The contradiction is expressed in its strongest form with the interaction of Jodahs with one of the village elders.
“He had been resisting for a century. He had been teaching children that people like me were devils, monsters, that it was better to endure a disfiguring, disabling genetic disorder than to go down from the mountains and find the Oankali. He lay down on the bed, eager rather than afraid, and when I lay down beside him, he reached out and pulled me to him, probably in the same way he reached out for his human mate when he was especially eager for her.[16]
With this new form of biopower, the resistance of so many years of superstition and patriarchal logic go out the window. The ooloi are initially taken prisoner, but the possibility of healing and all of the other benefits presented by the Oankali radically shifts the relationship between the population and the Oankali. The novel ends with the community deciding to stay on Earth and setting up a new community with the Oankali. The irony is that the Oankali succeed only at the point when humans are given the choice of free association that was given to the other species engaged.
The ending is an ambivalent moment despite the great joy that is expressed in its conclusion. There is something disconcerting in it. I don’t mean this as a critique, but instead as a commentary of its uniqueness. Instead of ending in the space of freedom as expressed by the escape from the alien, it finds its moment of freedom both in the embrace of the alien, but also in the production of a freedom that goes through the production of biopower, perhaps to another form, rather than around it through an act of sovereignty. It also puts a great deal of doubt on the possibilities of the human. This is the point where I am perhaps most critical. After all, despite the interesting politics that it contains, there is still a strong degree of a progressive notion of time contained within. While I am not particularly attracted to the image of the fall that is offered by visions of the primitive as a moment of purity before the introduction of technology I am also suspicious of the notion that the narrative is progressive, from hierarchy to intelligence. We are left, perhaps at the same aporitic moment.

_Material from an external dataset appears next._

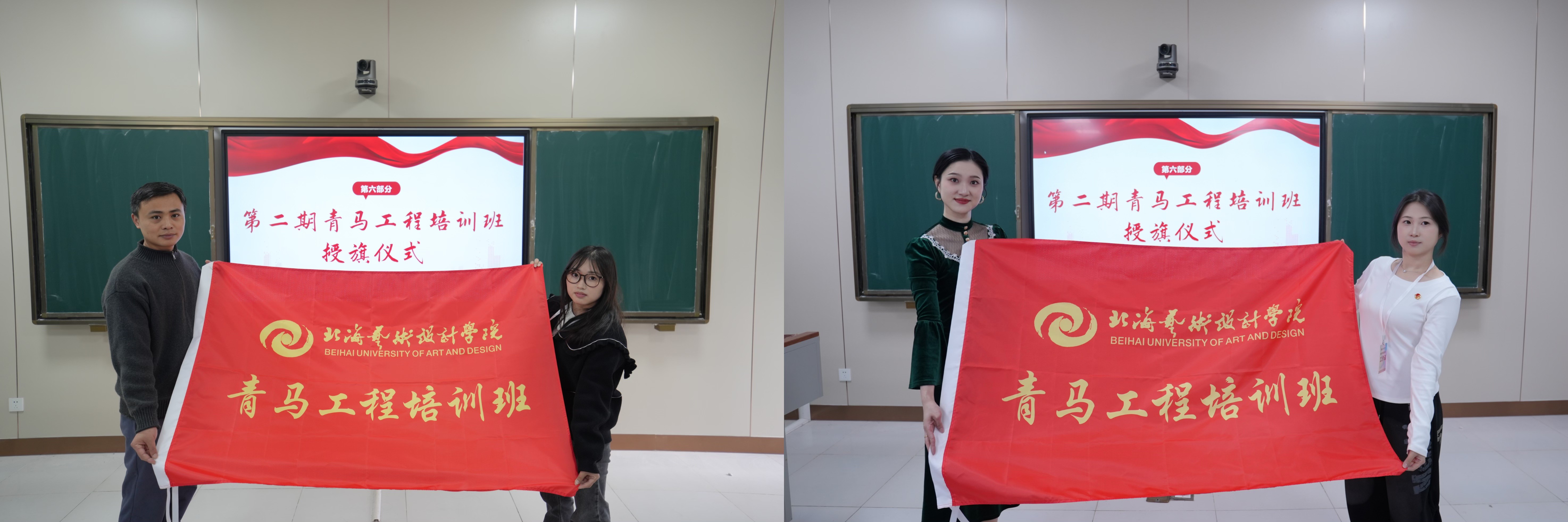 仪式最后,现场举行第二期“青马工程”培训班授旗仪式。 哲学学院授旗仪式 教育学院授旗仪式
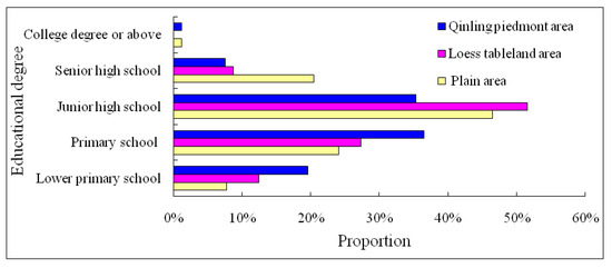 - Educational background. The correlation (0.7526) between educational background and emissions from energy consumption is the second highest. Figure 4 shows that the largest proportion of the population in the loess tableland and plain area is composed of people with a junior high school education, whereas, in the Qinling piedmont area, most have only a primary school level of education. For educational degrees above junior high school level, the proportion is smallest in the Qinling piedmont area (43.98%) and highest in the plain area (68.16%), with the loess tableland area being intermediate (60.25%). Studies have shown that people with little education use more biomass energy than those who are more highly educated [50,51,52]. Using a large amount of biomass energy with larger emission coefficients and lower thermal efficiency generates more emissions. Hence, with the least education, the Qinling piedmont area has the highest emissions from energy consumption.

[1]Octavia Butler, Dawn (New York: Warner Books, 1987), 37.
[2] Octavia Butler, Dawn (New York: Warner Books, 1987), 39.
[3] Michel Foucault, History of Sexuality, Vol. 1, Trans., Robert Hurley (New York: Vintage Books, 1990), 139.
[4] Michel Foucault, History of Sexuality, Vol. 1, Trans., Robert Hurley (New York: Vintage Books, 1990), 136.
[5] Octivia Butler, Adulthood Rites (New York: Warner Books, 1988), 119.
[6] Octivia Butler, Adulthood Rites (New York: Warner Books, 1988), 41-42.
[7] Michel Foucault, History of Sexuality, Vol. 1, Trans., Robert Hurley (New York: Vintage Books, 1990), 95.
[8] Octivia Butler, Adulthood Rites (New York: Warner Books, 1988), 154.
[9] Michel Foucault, “Society Must Be Defended”: Lectures at the College de France 1975-1976, trans., David Macey, Ed., Arnold I. Davidson (New York: Picador Books, 2003), 39.
[10] Octavia Butler, Dawn (New York: Warner Books, 1987), 203.
[11] Octavia Butler, Dawn (New York: Warner Books, 1987), 177.
[12] Octivia Butler, Adulthood Rites (New York: Warner Books, 1988), 98.
[13] Octavia Butler, Imago (New York: Warner Books, 1989), 58.
[14] Octavia Butler, Imago (New York: Warner Books, 1989), 233-234.
[15] Michel Foucault, “Society Must Be Defended”: Lectures at the College de France 1975-1976, trans., David Macey, Ed., Arnold I. Davidson (New York: Picador Books, 2003), 40.
[16] Octavia Butler, Imago (New York: Warner Books, 1989), 195.